He Shot the Messenger. Washington Post: “The Messenger is shutting down immediately, the news site’s founder told employees in an email Wednesday, marking the abrupt demise of one of the stranger and more expensive recent experiments in digital media. In his email, Jimmy Finkelstein said he was 'personally devastated' to announce that he had failed in a last-ditch effort to raise more money for the site, saying that he had been fundraising as recently as the night before. Finkelstein said the site, which launched last year with outsize ambitions and a mammoth $50 million budget, would close 'effective immediately.' The New York Times first reported the site’s closure late Wednesday afternoon, appearing to catch many staffers off-guard, including editor in chief Dan Wakeford. As employees read the news story, the internal work chat service Slack erupted in what one employee called 'pandemonium.'... Minutes later, as staffers read Finkelstein’s email, its message was underscored as they were forcibly logged out of their Slack accounts. Former Messenger reporter Jim LaPorta posted on social media that employees would not receive health care or severance.”

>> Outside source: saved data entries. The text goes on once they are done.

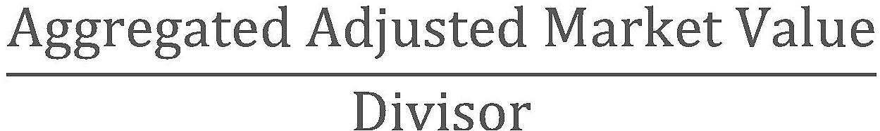 The SPX is calculated using a base-weighted aggregate methodology. The level of the SPX reflects the total market value of all component stocks relative to the base period of the years 1941 through 1943. An indexed number is used to represent the results of this calculation in order to make the level easier to work with and track over time. The actual total market value of the component stocks during the base period of the years 1941 through 1943 has been set to an indexed level of 10. This is often indicated by the notation 1941- 43 = 10. In practice, the daily calculation of the SPX is computed by dividing the total market value of the component stocks by the “index divisor.” By itself, the index divisor is an arbitrary number. However, in the context of the calculation of the SPX, it serves as a link to the original base period level of the SPX. The index divisor keeps the SPX comparable over time and is the manipulation point for all adjustments to the SPX, which is index maintenance.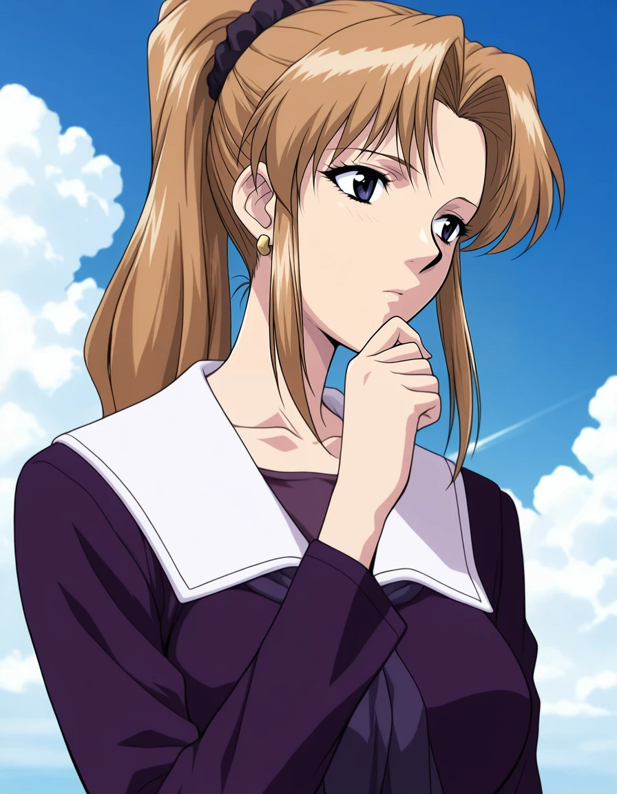 mai_hgteacher,anime_coloring,1990s \(style\),mature_female,(aged_up:1.5),long_legs,long_hair,ponytail,brown_hair,blue_eyes,earrings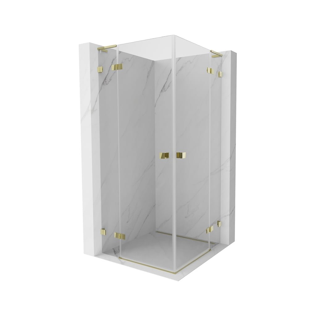 Mexen Lunar, L Duo výklopný sprchový kút 120 x 120 cm, 8mm číre sklo, zlatý profil, 834L-120L-120P-50-00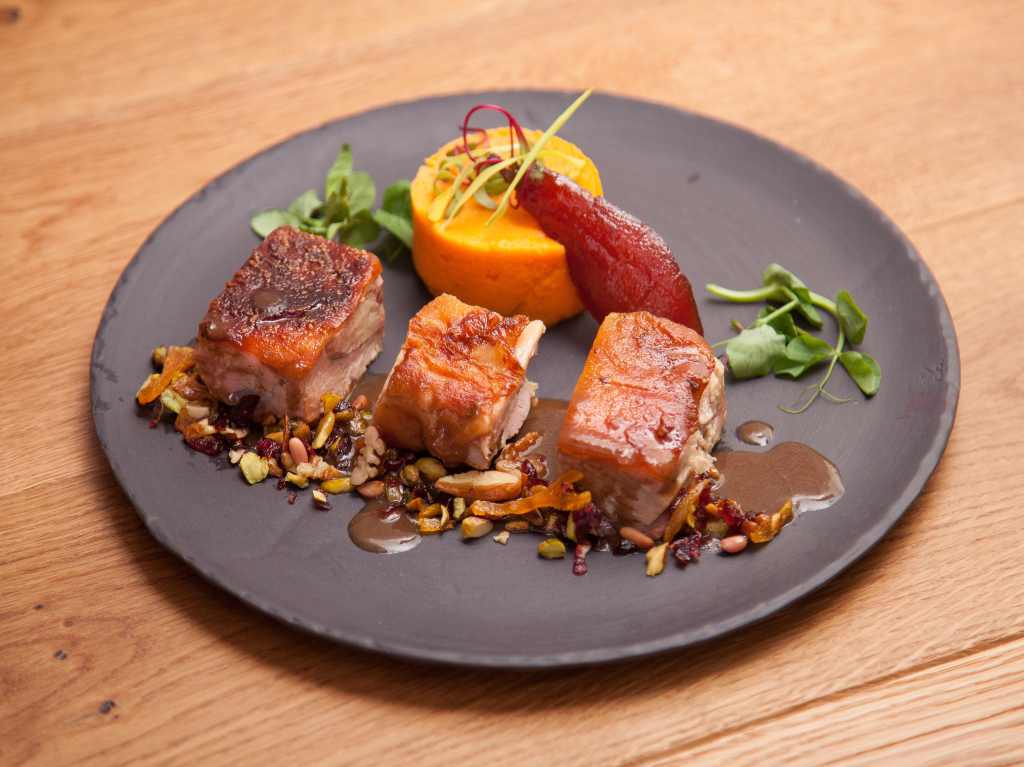 Comida “mexi-terránea, así nombró el afamado chef Guy Santoro su concepto dispuesto en el restaurante abierto en la planta baja del hotel Galería Plaza Reforma, donde los ingredientes nacionales —aguacates, tomate, chiles secos y hierbas de olor— se integran a recetas tradicionales de Francia, Italia, España y el norte de África. Para lo anterior dispone de una pasta con camarones, calabaza, pesto y jitomate cherry, o su lechón lechal confitado con frutos secos, pera al vino tinto, camote y apio confitado.

Washington Post: “The last known location of 'Portrait of Fräulein Lieser' by world-renowned Austrian artist Gustav Klimt was in Vienna in the mid-1920s. The vivid painting featuring a young woman was listed as property of a 'Mrs Lieser' — believed to be Henriette Lieser, who was deported and killed by the Nazis. The only remaining record of the work was a black and white photograph from 1925, around the time it was last exhibited, which was kept in the archives of the Austrian National Library. Now, almost 100 years later, this painting by one of the world’s most famous modernist artists is on display and up for sale — having been rediscovered in what the auction house has hailed as a sensational find.... It is unclear which member of the Lieser family is depicted in the piece[.]”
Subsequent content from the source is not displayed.